Would Buenrostro tell what success he had in influencing specific CalPERS investment decisions? Does he know if confidential information helped Villalobos, who received at least $50 million in fees, get specific clients seeking CalPERS investments?

What additional information, if any, federal prosecutors may want is not mentioned in the plea agreement.

But there are hints of a larger conspiracy here. Is it possible other CalPERS board members were in on it? Or is Buenrostro simply dropping half-truths to improve his bargaining position with authorities? Again from Mendel:

The Buenrostro plea agreement twice uses the phrase “I did knowingly and intentionally conspire with Villalobos and others.” Whether “others” refers to persons not yet named or is just a legal catch-all term is not clear.

An oddly veiled incident briefly described in the plea agreement seems to suggest that Villalabos used undue influence, if not small bribes, to get the CalPERS board to approve a pharmacy benefits contract.

“In approximately 2005, I observed Villalobos provide valuable casino chips to certain (now former) members of the CalPERS board as well as my wife before the board considered a proposal from Health Care Company No. 1 in connection with CalPERS’ health care benefit program,” said Buenrostro.

Without naming the company or board members, Buenrostro said he saw two of the board members recommend a contract with the company in a CalPERS committee, and then at the full CalPERS board all three chip recipients voted for the contract.

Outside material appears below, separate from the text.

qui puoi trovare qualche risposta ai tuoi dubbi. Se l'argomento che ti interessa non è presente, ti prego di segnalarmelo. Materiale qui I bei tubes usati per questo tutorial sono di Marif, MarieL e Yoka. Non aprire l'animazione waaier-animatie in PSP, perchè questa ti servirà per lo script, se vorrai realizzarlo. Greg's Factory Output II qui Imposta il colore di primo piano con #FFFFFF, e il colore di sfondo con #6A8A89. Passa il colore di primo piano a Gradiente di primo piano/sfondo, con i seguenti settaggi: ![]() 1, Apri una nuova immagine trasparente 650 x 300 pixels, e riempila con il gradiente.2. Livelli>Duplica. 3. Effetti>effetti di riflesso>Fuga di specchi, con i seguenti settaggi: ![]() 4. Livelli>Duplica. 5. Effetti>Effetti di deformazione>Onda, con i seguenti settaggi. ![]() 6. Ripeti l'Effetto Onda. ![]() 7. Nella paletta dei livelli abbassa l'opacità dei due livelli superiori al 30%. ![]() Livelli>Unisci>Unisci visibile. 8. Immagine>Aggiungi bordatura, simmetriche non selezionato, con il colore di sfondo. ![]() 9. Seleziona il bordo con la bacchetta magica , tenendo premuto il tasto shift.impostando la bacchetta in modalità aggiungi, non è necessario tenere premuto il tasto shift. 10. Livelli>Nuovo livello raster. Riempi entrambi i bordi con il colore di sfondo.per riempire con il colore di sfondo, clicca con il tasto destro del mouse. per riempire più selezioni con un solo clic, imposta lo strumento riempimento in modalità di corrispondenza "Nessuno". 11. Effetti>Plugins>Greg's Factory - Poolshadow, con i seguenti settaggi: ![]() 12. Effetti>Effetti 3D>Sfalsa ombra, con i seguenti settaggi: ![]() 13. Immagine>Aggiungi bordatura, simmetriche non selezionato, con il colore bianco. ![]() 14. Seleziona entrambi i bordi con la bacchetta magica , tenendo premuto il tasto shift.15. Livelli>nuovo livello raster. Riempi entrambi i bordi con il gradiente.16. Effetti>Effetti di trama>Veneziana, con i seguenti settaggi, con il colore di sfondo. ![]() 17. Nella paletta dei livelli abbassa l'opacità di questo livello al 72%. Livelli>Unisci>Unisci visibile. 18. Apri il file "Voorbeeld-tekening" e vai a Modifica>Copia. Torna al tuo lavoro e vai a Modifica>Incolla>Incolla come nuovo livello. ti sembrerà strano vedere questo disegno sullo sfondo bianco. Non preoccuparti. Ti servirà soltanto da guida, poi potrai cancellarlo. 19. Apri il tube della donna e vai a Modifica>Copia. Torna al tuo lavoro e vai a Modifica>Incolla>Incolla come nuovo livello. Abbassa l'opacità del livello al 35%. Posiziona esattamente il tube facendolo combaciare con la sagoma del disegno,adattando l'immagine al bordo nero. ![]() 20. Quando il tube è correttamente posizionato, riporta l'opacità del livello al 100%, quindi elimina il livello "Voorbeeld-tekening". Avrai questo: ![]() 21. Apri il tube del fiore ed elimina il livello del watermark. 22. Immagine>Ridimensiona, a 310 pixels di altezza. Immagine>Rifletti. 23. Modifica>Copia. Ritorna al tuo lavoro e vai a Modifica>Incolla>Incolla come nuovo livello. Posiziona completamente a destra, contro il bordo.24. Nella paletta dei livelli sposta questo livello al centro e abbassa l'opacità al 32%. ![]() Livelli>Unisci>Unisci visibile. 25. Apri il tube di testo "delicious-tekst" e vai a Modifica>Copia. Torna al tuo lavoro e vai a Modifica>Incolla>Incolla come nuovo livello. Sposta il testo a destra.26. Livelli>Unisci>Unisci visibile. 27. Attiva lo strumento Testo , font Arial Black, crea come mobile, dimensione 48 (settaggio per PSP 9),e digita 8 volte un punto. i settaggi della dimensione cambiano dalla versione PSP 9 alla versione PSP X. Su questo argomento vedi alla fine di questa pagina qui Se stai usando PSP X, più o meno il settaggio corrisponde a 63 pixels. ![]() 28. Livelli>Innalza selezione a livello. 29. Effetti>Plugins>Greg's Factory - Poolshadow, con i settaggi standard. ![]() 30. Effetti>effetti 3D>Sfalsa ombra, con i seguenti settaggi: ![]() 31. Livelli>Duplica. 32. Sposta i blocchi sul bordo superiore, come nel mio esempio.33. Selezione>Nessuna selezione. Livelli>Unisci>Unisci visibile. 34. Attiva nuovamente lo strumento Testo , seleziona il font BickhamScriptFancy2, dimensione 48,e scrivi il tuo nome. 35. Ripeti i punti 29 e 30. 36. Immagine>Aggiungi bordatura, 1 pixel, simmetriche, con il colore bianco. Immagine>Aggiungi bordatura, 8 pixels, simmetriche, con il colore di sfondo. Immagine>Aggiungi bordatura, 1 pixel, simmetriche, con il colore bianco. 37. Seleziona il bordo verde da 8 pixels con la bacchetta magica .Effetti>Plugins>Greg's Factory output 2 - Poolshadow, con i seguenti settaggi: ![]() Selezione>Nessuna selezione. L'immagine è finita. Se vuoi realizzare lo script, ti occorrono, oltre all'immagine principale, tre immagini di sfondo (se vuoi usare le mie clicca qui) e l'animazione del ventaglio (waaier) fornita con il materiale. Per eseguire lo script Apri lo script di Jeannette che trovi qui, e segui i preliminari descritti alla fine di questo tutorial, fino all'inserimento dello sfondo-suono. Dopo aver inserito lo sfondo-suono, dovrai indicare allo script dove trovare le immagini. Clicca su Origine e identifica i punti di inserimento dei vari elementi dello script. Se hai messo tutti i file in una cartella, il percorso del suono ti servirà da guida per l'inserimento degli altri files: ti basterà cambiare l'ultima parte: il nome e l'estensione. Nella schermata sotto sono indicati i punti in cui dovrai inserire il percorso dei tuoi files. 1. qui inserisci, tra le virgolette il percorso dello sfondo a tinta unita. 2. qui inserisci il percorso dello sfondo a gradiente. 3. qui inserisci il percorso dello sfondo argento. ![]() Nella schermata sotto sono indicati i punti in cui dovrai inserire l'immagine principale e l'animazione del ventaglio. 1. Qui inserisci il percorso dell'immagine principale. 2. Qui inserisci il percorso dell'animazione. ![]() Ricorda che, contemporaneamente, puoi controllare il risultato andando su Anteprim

A similar incident is described with names and more detail in a special review of placement agents done for CalPERS by the Steptoe & Johnson law firm and Navigant Consulting, costing $11 million and issued in March 2011.

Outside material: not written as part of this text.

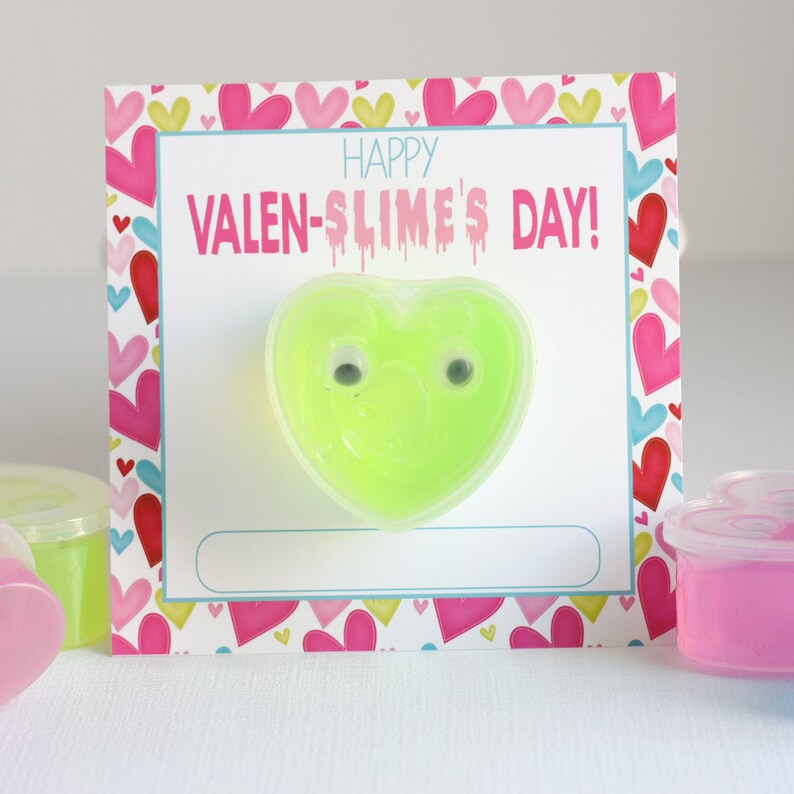 Download this free valentines printable card to give along with some dollar store or homemade slime. There are 4 printable pink, blue, green and red valenslime day cards on zn 8.5x11 sheet of paper. Printing your own valentine cards is very. Click through for 35 adorable valentine card ideas that you can print at home!

In 2004, Medco Health Solutions, which lost the CalPERS pharmacy benefits contract several years earlier, hired Villalobos as a consultant for $4 million, said the special review.

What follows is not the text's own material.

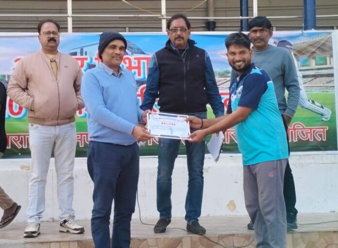 वाराणसी 11 दिसम्बर,2025; मंडल रेल प्रबन्धक वाराणसी श्री आशीष जैन के निर्देशन में एवं मंडल क्रीडा अधिकारी श्री बालेन्द्र पॉल के नेतृत्व में पूर्वोत्तर रेलवे लहरतारा स्थित रेलवे स्टेडियम में चल रही वाराणसी मंडल की अंतर विभागीय टी-20 क्रिकेट प्रतियोगिता 2025 का 13 वाँ लीग मैच आज 11 दिसम्बर 2025 वृहस्पतिवार को विद्युत टीआरडी और विद्युत सामान्य के बीच खेला गया । विद्युत टीआरडी की टीम ने टॉस जीतकर पहले बैटिंग करते हुए 20 ओवर में 157 रन बनाए । टीआरडी की तरफ से भानु प्रताप ने 35 बाल पर पांच चौके और दो छक्के की मदद से 50 रन, रजनीकांत ने 9 बाल पर एक चौके और दो छक्के की मदद से 20 रन, आनंद ने 15 बाल पर तीन चौके की मदद से 19 रन तथा राजकुमार ने 11 बाल पर दो चौके और छक्के की मदद से 17 रन बनाए । विद्युत सामान्य की तरफ से करन ने चार ओवर में 41 रन देकर तीन विकेट, अनिल यादव ने चार ओवर में 17 रन देकर दो विकेट लिए, नीरज और रोशन को एक-एक विकेट प्राप्त हुआ । 158 रनों के लक्ष्य का पीछा करती हुई विद्युत सामान्य की पूरी टीम 89 रन पर आंल आउट हो गई । विद्युत टीआरडी के अनिल मिश्रा ने चार ओवर में आठ रन देकर 5 विकेट लिये ।अनिल मिश्रा के अतिरिक्त मिथुन, सुरेंद्र, वरुण रजनीकांत, और भानु प्रताप को एक-एक विकेट प्राप्त हुआ । विद्युत सामान्य की तरफ से संजय साहू ने 26 बाल पर दो चौके और दो छक्के की मदद से 28 रन और भगवान यादव ने 15 बाल पर एक चौक और एक छक्के की मदद से 15 रन बनाए । विद्युत टीआरडी के अनिल मिश्रा को मैन ऑफ द मैच का पुरस्कार सहायक विद्युत इंजीनियर टीआरडी वीरेंद्र भारती के द्वारा दिया गया ।

Later that year three CalPERS board members — Charles Valdes, Kurato Shimada and Robert Carlson — met with Villalobos, Buenrostro and the Medco CEO, David Snow, at Villalobos’ home at Lake Tahoe.

The five men (excluding Snow) had served together on the CalPERS board ten years earlier, said the review. Buenrostro was hired as CEO in 2002 with the support of Valdes, Shimada and Carlson.

“Valdes also reportedly joined Buenrostro and Villalobos at casinos local to the Villalobos home, where he and others are said to have accepted hundreds of dollars in playing chips from Villalobos while there,” said the review.

“We understand that the chips were offered to Valdes, Buenrostro’s wife at the time, and others to allow Villalobos more time to speak with Buenrostro alone.”

The review said “Shimada also reportedly joined Buenrostro, Valdes and others on visits to casinos local to the Villalobos home and has, at different times, denied and acknowledged accepting playing chips from Villalobos while there.”

Valdes left the CalPERS board in 2009 without seeking re-election.

Shimada resigned from the board in 2010. In 2007, he was the head of a CalPERS committee that rejected a proposal to disclose placement agent fees associated with CalPERS investments.